# Looking for the seller of the sunburst Santa Cruz OM that sold here a few months ago?...



## kabong (Mar 30, 2014)

Hi;
I was interested in that sunburst Santa Cruz that sold here a few months ago, but, it sold. No problem. However, I do have a few questions about that model Santa Cruz. So, if you were the seller of that guitar, could you please contact me?

...& yes; I did try going through all the "SOLD" listings up to page 20 with no luck...

Hoping to hear from you!

Thank you


----------



## Jalexander (Dec 31, 2020)

This one? SOLD - MINT! 2020 Santa Cruz OM Grand Custom...


----------



## kabong (Mar 30, 2014)

Jalexander said:


> This one? SOLD - MINT! 2020 Santa Cruz OM Grand Custom...

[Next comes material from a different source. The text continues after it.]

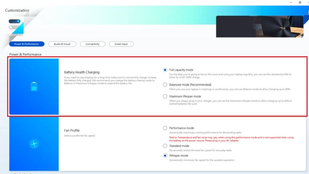 Asus has an official charging threshold feature it calls Asus Battery Health Charging. This is an application preinstalled on Asus laptops as part of MyASUS, but it’s easy to miss. You’ll initially get a “Battery power setting is in Full Capacity Mode now” message, but you’ll only get another notification 90 days later if you dismiss that message.

 No. That's my post. LOL!  .

Thanks though for trying to help me out. I think that maybe he deleted the header of his "SOLD" post & I didn't go through any of those.

But hey; thanks again!
Cheers!


----------



## Jalexander (Dec 31, 2020)

kabong said:


> No. That's my post. LOL!  .
> 
> Thanks though for trying to help me out. I think that maybe he deleted the header of his "SOLD" post & I didn't go through any of those.
> 
> ...


Yikes… where’s the facepalm emoji?!?


----------



## MarkM (May 23, 2019)

@kabong, I have no idea about this guitar but I giggle every time I see kabong bubbaloo!

Yah, I am that old!


----------



## Senator91 (Feb 8, 2018)

SOLD - Price Drop* Santa Cruz Arlen Roth OM Custom


One of my favourite acoustic guitars I've ever owned. It sounds amazing for fingerstyle/flatpicking. Bought this from Folkway Music, and have had it properly humidified since. Excellent condition, with some very minor play wear. Frets are in excellent shape. Comes with the original hardshell...




www.guitarscanada.com


----------



## kabong (Mar 30, 2014)

Senator91 said:


> SOLD - Price Drop* Santa Cruz Arlen Roth OM Custom
> 
> 
> One of my favourite acoustic guitars I've ever owned. It sounds amazing for fingerstyle/flatpicking. Bought this from Folkway Music, and have had it properly humidified since. Excellent condition, with some very minor play wear. Frets are in excellent shape. Comes with the original hardshell...
> ...


That's that one! Thanks Senator91!


----------



## Jayg28 (Oct 12, 2017)

Did you reach the seller? 

Not sure whether this is the exact same guitar or not, but this has been posted for some time now: Santa Cruz OM -AR Custom | Guitars | Kitchener / Waterloo | Kijiji


----------



## kabong (Mar 30, 2014)

Jayg28 said:


> Did you reach the seller?
> 
> Not sure whether this is the exact same guitar or not, but this has been posted for some time now: Santa Cruz OM -AR Custom | Guitars | Kitchener / Waterloo | Kijiji


Yes. I did contact the seller here who then told me about this one on Kijji that you're referring to. I contacted that seller, on Kijiji, but he claims that he is the original owner of the guitar. Implying that it is NOT the same one that was listed here Hmmm...Weird???


----------



## greco (Jul 15, 2007)

kabong said:


> Yes. I did contact the seller here who then told me about this one on Kijji that you're referring to. I contacted that seller, on Kijiji, but he claims that he is the original owner of the guitar. Implying that it is NOT the same one that was listed here Hmmm...Weird???


Folkway Music here in Kitchener-Waterloo sold Santa Cruz acoustics.


----------



## kabong (Mar 30, 2014)

greco said:


> Folkway Music here in Kitchener-Waterloo sold Santa Cruz acoustics.


I see. Thanks.


----------